• **Task description**
Please print every record below exactly as written, leaving out the pictures.

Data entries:

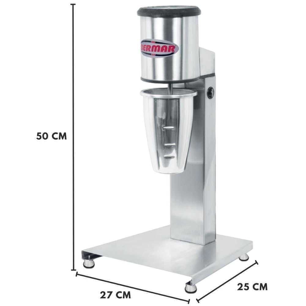 Batedor de Milk Shake profissional da Bermar, esse batedor possui um potente e resistente motor de 500 W que te ajudar a bater sorvete expresso e sorvete de balde, que são mais duros. Possui estrutura confeccionada em aço inoxidável 430 e copo em alumínio repuxado e polido com 3 níveis: 100 ml, 250 ml e 450 ml.
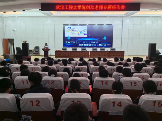 座谈期间,隗剑秋以《“筑”就一城繁华,“规划”美好未来》为题,向洪湖一中高一、高二学子作专题讲座。讲座结合洪湖市区建设规划案例,从行业发展角度,深刻阐释建筑与城乡规划专业内涵、学习路径与职业前景。讲座现场气氛热烈,学生们纷纷表示对建筑规划领域产生了浓厚兴趣。
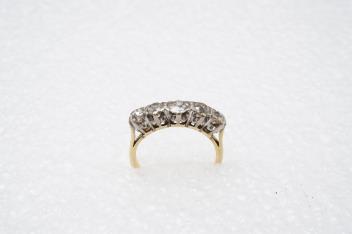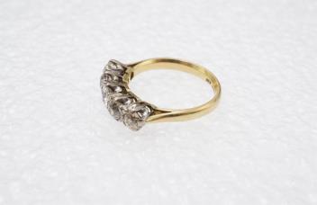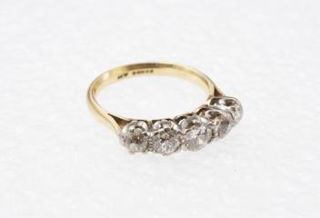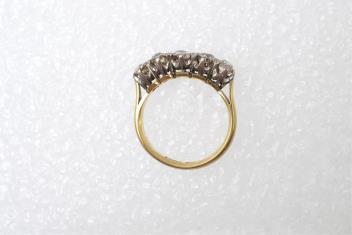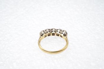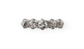 A diamond five-stone ring, early 20th century, claw-set with a sequence of five circular-cut diamonds totalling approximately 0.90 carats, mounted in 18ct gold, size M, British hallmarks, gross weight approximately 4.4 grams
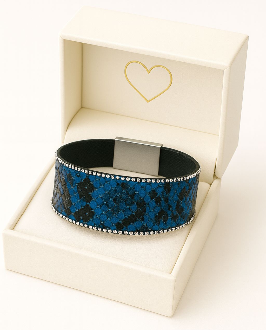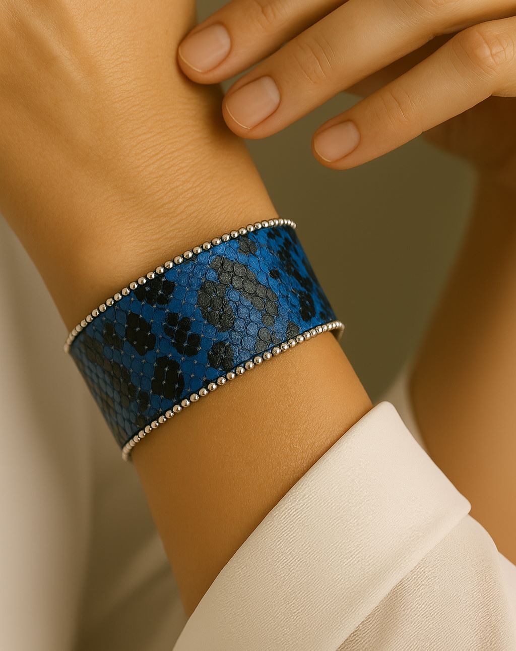 Manchette en simili cuir imprimé python bleu et noir, souligné par une bordure de billes métalliques argentées. Sa structure rigide mais légèrement ajustable permet de l’adapter à la plupart des poignets.
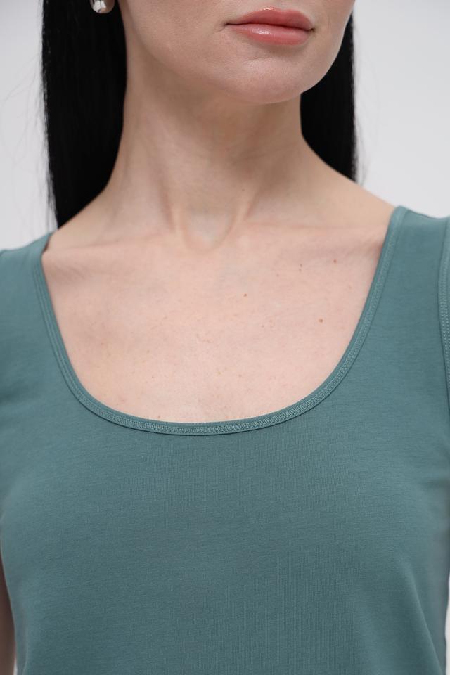 Топ имеет классический крой с округлым вырезом горловины и широкими бретелями. Благодаря составу – 95% хлопок и 5% эластан – изделие приятно к телу, хорошо держит форму и не сковывает движения.

• **Response for this exercise**
 Batedor de Milk Shake profissional da Bermar, esse batedor possui um potente e resistente motor de 500 W que te ajudar a bater sorvete expresso e sorvete de balde, que são mais duros. Possui estrutura confeccionada em aço inoxidável 430 e copo em alumínio repuxado e polido com 3 níveis: 100 ml, 250 ml e 450 ml.
 座谈期间,隗剑秋以《“筑”就一城繁华,“规划”美好未来》为题,向洪湖一中高一、高二学子作专题讲座。讲座结合洪湖市区建设规划案例,从行业发展角度,深刻阐释建筑与城乡规划专业内涵、学习路径与职业前景。讲座现场气氛热烈,学生们纷纷表示对建筑规划领域产生了浓厚兴趣。
 A diamond five-stone ring, early 20th century, claw-set with a sequence of five circular-cut diamonds totalling approximately 0.90 carats, mounted in 18ct gold, size M, British hallmarks, gross weight approximately 4.4 grams
 Manchette en simili cuir imprimé python bleu et noir, souligné par une bordure de billes métalliques argentées. Sa structure rigide mais légèrement ajustable permet de l’adapter à la plupart des poignets.
 Топ имеет классический крой с округлым вырезом горловины и широкими бретелями. Благодаря составу – 95% хлопок и 5% эластан – изделие приятно к телу, хорошо держит форму и не сковывает движения.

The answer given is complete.